Pertanyaan itu tidak mudah dijawab oleh pemandu mengingat pemandu harus masuk ke khasanah atau referensi pengetahuan yang dimiliki oleh anak TK. Untuk menjelaskannya diperlukan kesabaran dan ketelatenan. Tidak bisa dilakukan dengan cepat-cepat. Demikian suasana kunjungan 103 siswa-siswi TK Model Blotan Ngemplak Sleman bersama 14 guru pendamping ke Tembi Rumah Budaya, Kamis, 26 September 2013.
Pemandu tidak menyangka, ternyata anak-anak TK yang diminta pemandu untuk bertanya itu banyak yang mengacungkan jarinya. Mungkin anak-anak zaman sekarang memang lebih cerdas dan berani dibanding anak-anak di masa kecil pemandu. Rasa penasaran anak-anak terhadap apa yang dilihatnya itu langsung dicoba dicarikan jawabannya dengan bertanya.
Alat-alat rumah tangga semacam itu tidak mereka kenali
Anak-anak TK itu ternyata sangat tertarik pada apa saja yang ada di Tembi. Termasuk koleksi museum Tembi. Wayang pun menarik minat mereka. Lebih-lebih lagi ATM (Automatic Tembi Movie) yang dalam pengertian mereka adalah televisi atau media pemutar film. Di ATM ini bahkan mereka berebut untuk dapat melihat apa yang bisa disuguhkan oleh ATM. Di antara mereka bahkan ada yang bertengkar atau bersitegang antartemannya karena saling mendesak untuk dapat mendekati layar ATM.
Senthong juga membuat mereka memiliki tanda tanya besar. Ketika diterangkan tentang alat-alat rumah tangga tradisional Jawamereka terbengong-bengong. Mungkin bagi mereka betapa sulitnya membayangkan memasak dengan menggunakan alat-alat semacam itu, dengan tungku dan bahan bakar kayu pula.
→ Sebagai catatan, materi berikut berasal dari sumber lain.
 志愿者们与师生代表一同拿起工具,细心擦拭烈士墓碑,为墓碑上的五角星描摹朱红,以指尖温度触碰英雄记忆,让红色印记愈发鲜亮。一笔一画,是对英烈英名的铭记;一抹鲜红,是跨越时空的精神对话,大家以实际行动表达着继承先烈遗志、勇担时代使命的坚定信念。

Dari sisi-sisi itu jelas kelihatan bahwa demikian berjaraknya tradisi dengan anak-anak generasi baru. Jarak tersebut terlihat demikian jauh. Orangtua mereka pun tampaknya juga mulai berjarak sehingga mereka juga tidak bisa lagi menceritakan benda atau produk budayaleluhur mereka kepada anak-anak mereka. Jarak yang demikian jauh itu tampaknya memang diawali dengan dianggap tidak bergunanya lagi hasil-hasil kebudayaan masa lalu.
Berebut menyaksikan ATM
Ketidakbergunaan itu mungkin dipicu juga oleh membanjirnya nilai-nilai baru dengan segala varian dan produk fisiknya (termasuk teknologi) yang dianggap lebih berguna, lebih esensial, praktis, riil, dan tidak membutuhkan proses yang panjang untuk memahami atau menggunakannya.
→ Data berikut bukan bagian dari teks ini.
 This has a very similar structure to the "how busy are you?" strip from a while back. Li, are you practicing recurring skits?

Kini anak-anak mulai diperkenalkan kembali dengan hasil-hasil kebudayaan leluhurnya sendiri yang mungkin bagi mereka justru terlihat demikian asing, aneh, dan sulit dimengerti. Memahami hasil-hasil kebudayaan, lebih-lebih pada sisi-sisi nonbenda atau makna di balik benda memang tidaklah mudah.
Namun dengan punya perhatian besar pada benda-benda hasil kebudayaan saja orang akan tertarik pula untuk lebih mengerti tentang benda itu, bagaimana dibuat, digunakan untuk apa, mengapa bentuknya demikian, bagaimana cara mempergunakannya, dan seterusnya. Pertanyaan-pertanyaan demikian akan mengarahkan pikiran untuk tahu lebih banyak tentang hal itu. Bahkan sampai pada makna filosofisnya.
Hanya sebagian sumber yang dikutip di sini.